**PROBLEM TO WORK ON**
Return all the entries word for word, minus the pictures.

**SUPPLIED DATA**

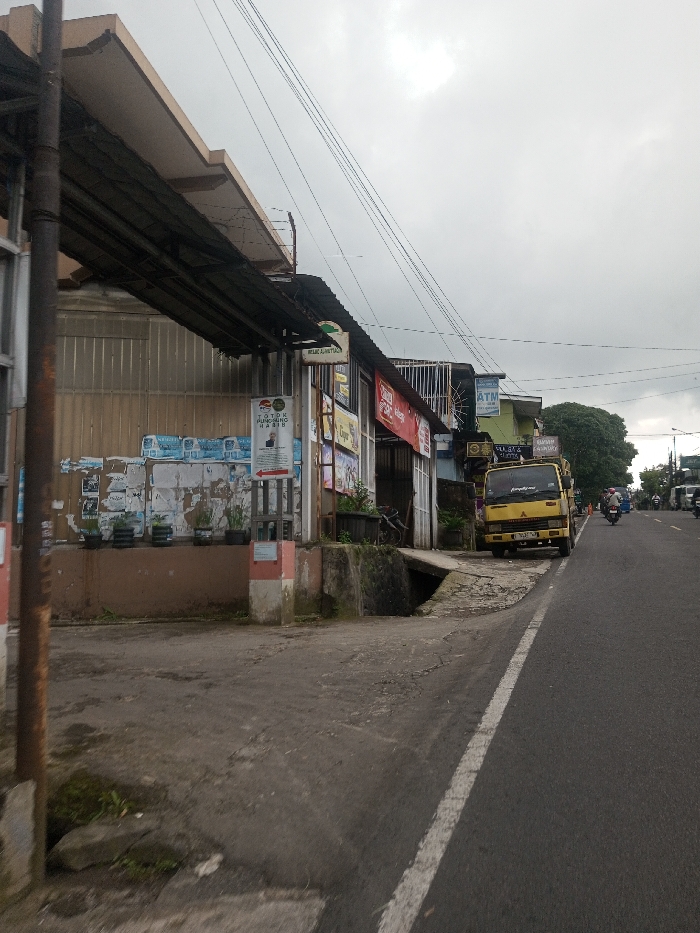 A street scene shows a yellow truck parked beside a road. A storefront lined with signs and advertising sits on the left, displaying posters and a pile of what appear to be water bottles. An awning overhangs the building. Power lines stretch across the overcast sky. Other vehicles and pedestrians are visible further down the road. The road itself has a white line marking its edge.
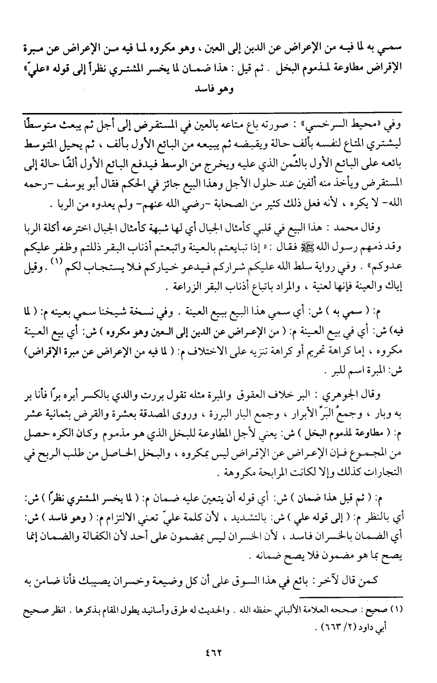 وقال محمد: هذا البيع في قلبي كأمثال الجبال أي لها شبهة كأمثال الجبال اخترعه أكلة الربا وقد ذمهم رسول الله - صَلَّى اللَّهُ عَلَيْهِ وَسَلَّمَ - فقال: «إذا تبايعتم بالعينة واتبعتم أذناب البقر ذللتم وظفر عليكم عدوكم» . وفي رواية: «سلط الله عليكم شراركم فيدعو خياركم فلا يستجاب لكم» . وقيل: إياك والعينة فإنها لعينة، والمراد باتباع أذناب البقر الزراعة.
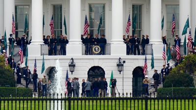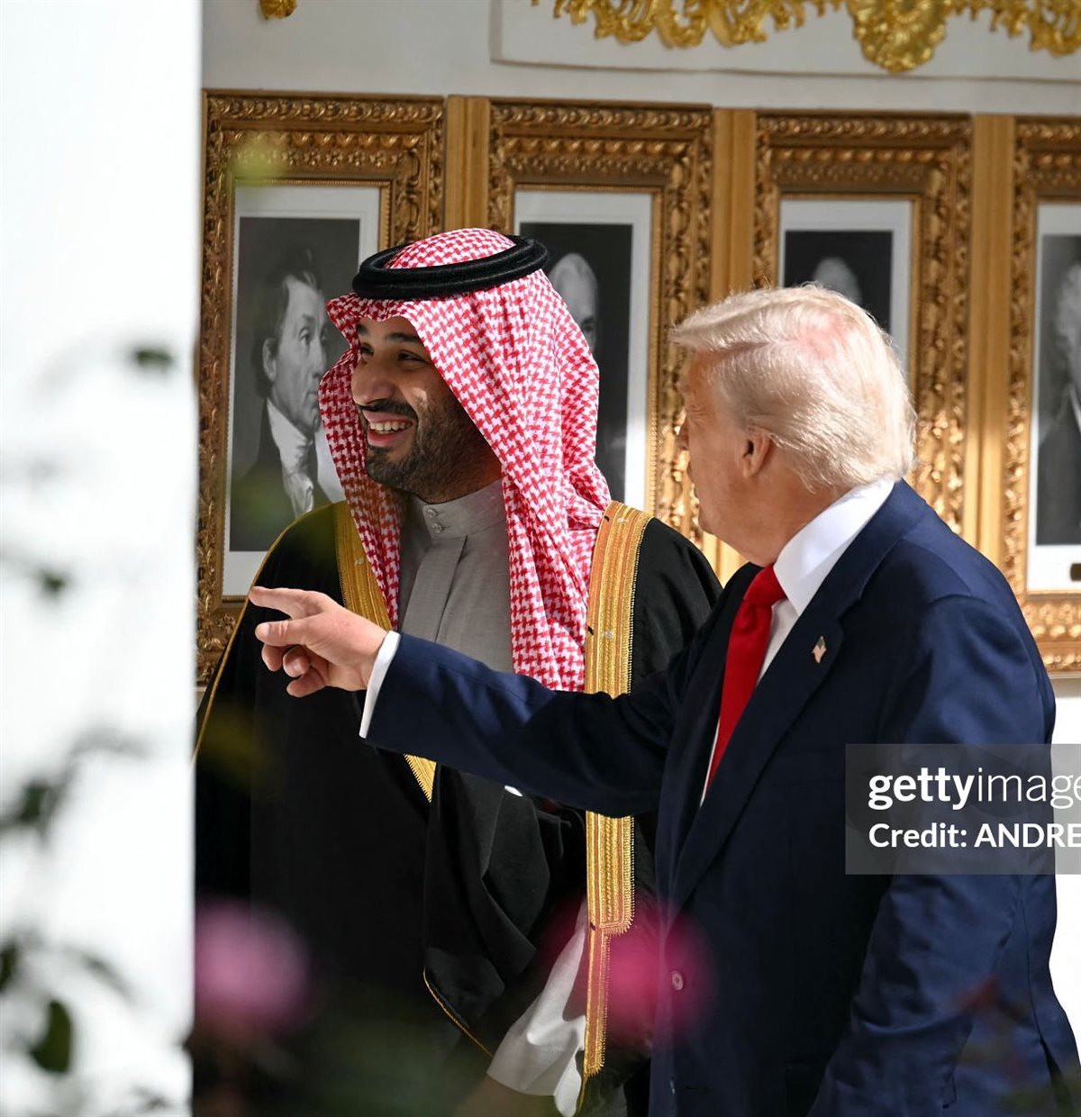 ترامب والأمير محمد بن سلمان يشاهدان صور رؤوساء امريكا بممر البيت الأبيض
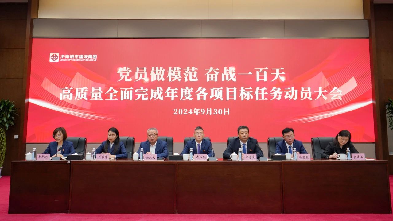 為激發廣大黨員的干事創業熱情,發揮黨員的先鋒模范作用,帶動集團上下凝心聚力、克難攻堅,確保圓滿完成全年目標任務,加快推進集團高質量轉型發展,9月30日,濟南城市建設集團召開“黨員做模范 奮戰一百天 高質量 全面完成年度各項目標任務動員大會”,集團黨委書記、董事長許為民出席會議并講話,集團黨委副書記鐘善良主持會議,部分集團領導班子成員,各部室及一級子公司(項目部)負責人參加會議。
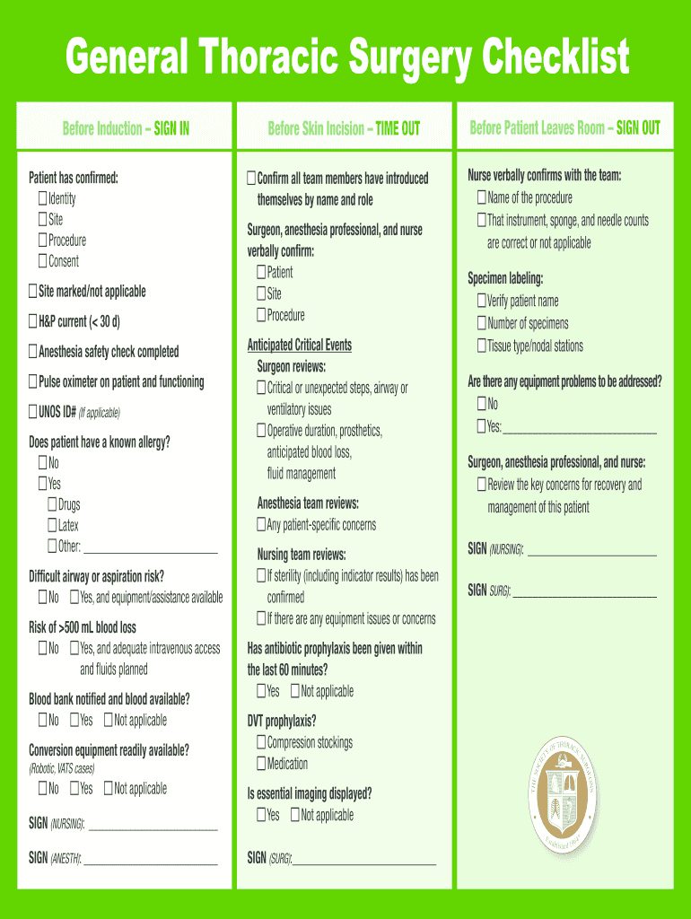 How to fill out general thoracic surgery checklist

**PROBLEM SOLUTION**
 A street scene shows a yellow truck parked beside a road. A storefront lined with signs and advertising sits on the left, displaying posters and a pile of what appear to be water bottles. An awning overhangs the building. Power lines stretch across the overcast sky. Other vehicles and pedestrians are visible further down the road. The road itself has a white line marking its edge.
 وقال محمد: هذا البيع في قلبي كأمثال الجبال أي لها شبهة كأمثال الجبال اخترعه أكلة الربا وقد ذمهم رسول الله - صَلَّى اللَّهُ عَلَيْهِ وَسَلَّمَ - فقال: «إذا تبايعتم بالعينة واتبعتم أذناب البقر ذللتم وظفر عليكم عدوكم» . وفي رواية: «سلط الله عليكم شراركم فيدعو خياركم فلا يستجاب لكم» . وقيل: إياك والعينة فإنها لعينة، والمراد باتباع أذناب البقر الزراعة.
 ترامب والأمير محمد بن سلمان يشاهدان صور رؤوساء امريكا بممر البيت الأبيض
 為激發廣大黨員的干事創業熱情,發揮黨員的先鋒模范作用,帶動集團上下凝心聚力、克難攻堅,確保圓滿完成全年目標任務,加快推進集團高質量轉型發展,9月30日,濟南城市建設集團召開“黨員做模范 奮戰一百天 高質量 全面完成年度各項目標任務動員大會”,集團黨委書記、董事長許為民出席會議并講話,集團黨委副書記鐘善良主持會議,部分集團領導班子成員,各部室及一級子公司(項目部)負責人參加會議。
 How to fill out general thoracic surgery checklist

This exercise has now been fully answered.